* Input data

***

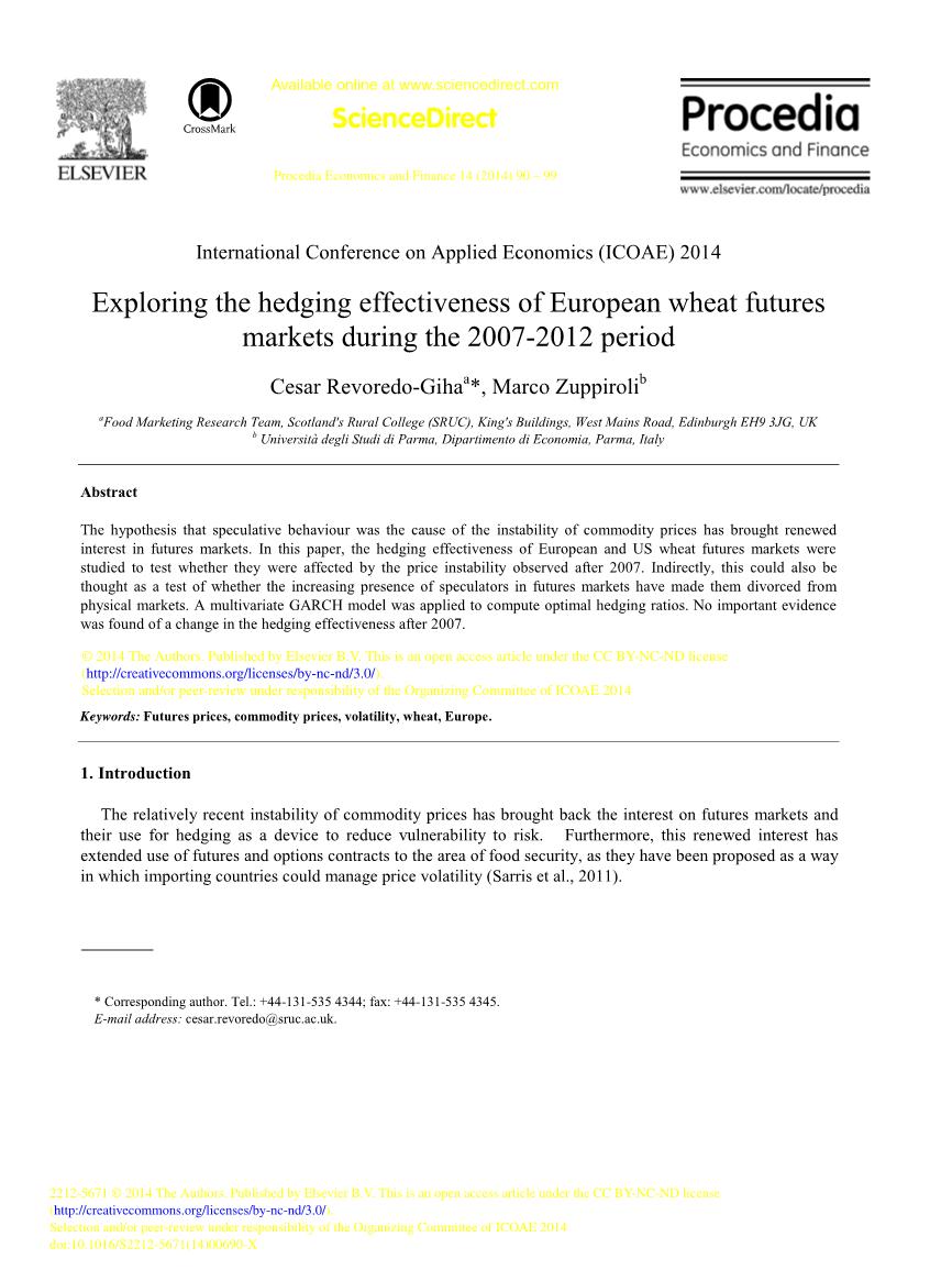 投机行为是大宗商品价格不稳定的原因,这一假设给期货市场带来了新的兴趣。在本文中,研究了欧洲和美国的小麦期货市场的套期保值效率,以检验其是否受到2007年以后观察到的价格不稳定的影响。间接地,这也被认为是对投机者在期货市场的日益增多是否会使他们脱离实体市场的考验。应用多元GARCH模型计算最优套期保值比率,没有发现2007年以后套期保值效应发生变化的重要证据。
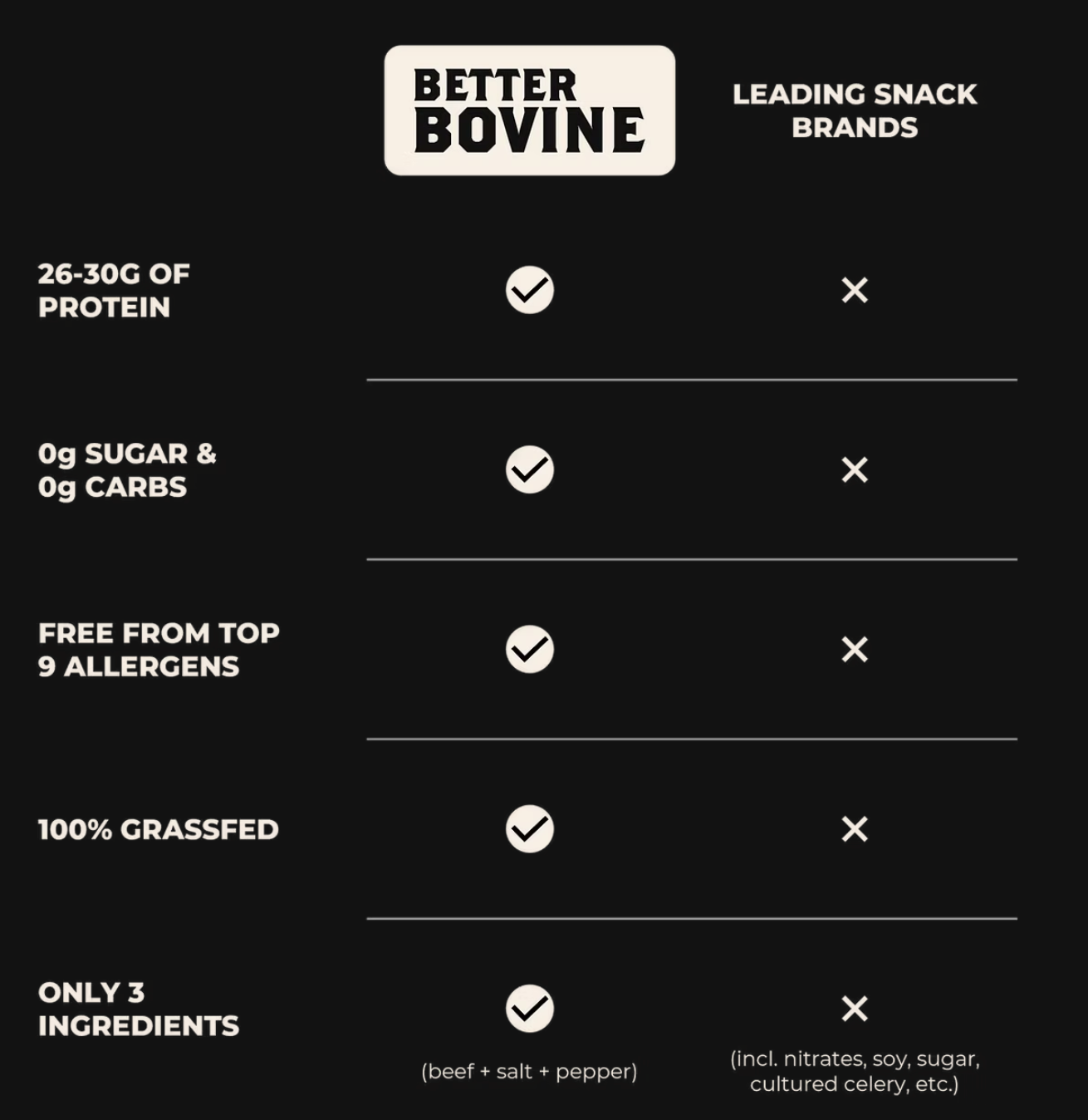 Our refined take on classic beef jerky. Extra lean, 100% grass-fed beef, seasoned with salt and pepper. Clean, satisfying, and packed with 30g protein.
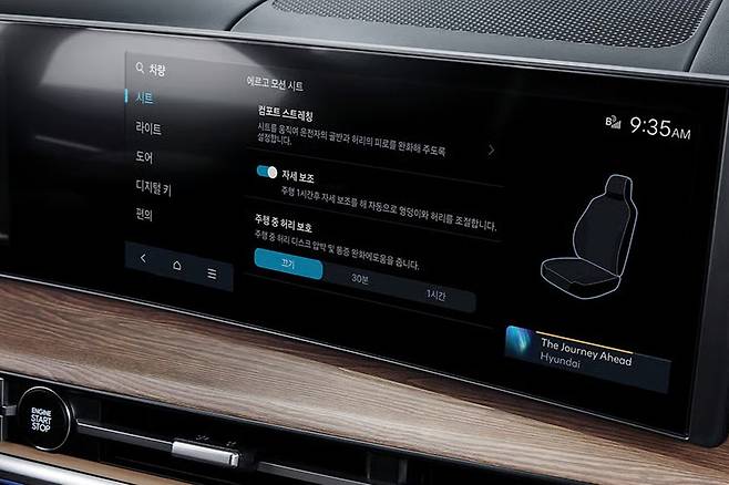 눈에 띄는 변화는 ‘파노라믹 커브드 디스플레이’다. 12.3인치 디지털 클러스터와 12.3인치 인포테인먼트 스크린이 자연스럽게 이어지며 곡선으로 연결됐고, 이는 실내를 한층 세련된 분위기로 만든다. 대시보드 자체도 부드러운 패딩 소재가 적용돼, 과거 싼타페의 플라스틱 일색 실내와는 비교할 수 없을 만큼 감각적인 터치감을 제공한다.
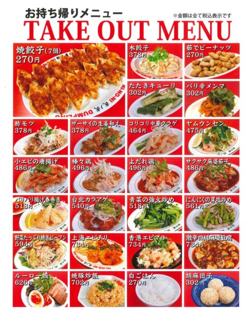 今はテイクアウト提供のみ営業で4/30まで画像のメニューが半額

***

* Assignment
Pictures are not part of the copy. Reproduce the lines from the one with "Our refined take" through the end of the listing above.

* Solution for this task
 Our refined take on classic beef jerky. Extra lean, 100% grass-fed beef, seasoned with salt and pepper. Clean, satisfying, and packed with 30g protein.
 눈에 띄는 변화는 ‘파노라믹 커브드 디스플레이’다. 12.3인치 디지털 클러스터와 12.3인치 인포테인먼트 스크린이 자연스럽게 이어지며 곡선으로 연결됐고, 이는 실내를 한층 세련된 분위기로 만든다. 대시보드 자체도 부드러운 패딩 소재가 적용돼, 과거 싼타페의 플라스틱 일색 실내와는 비교할 수 없을 만큼 감각적인 터치감을 제공한다.
 今はテイクアウト提供のみ営業で4/30まで画像のメニューが半額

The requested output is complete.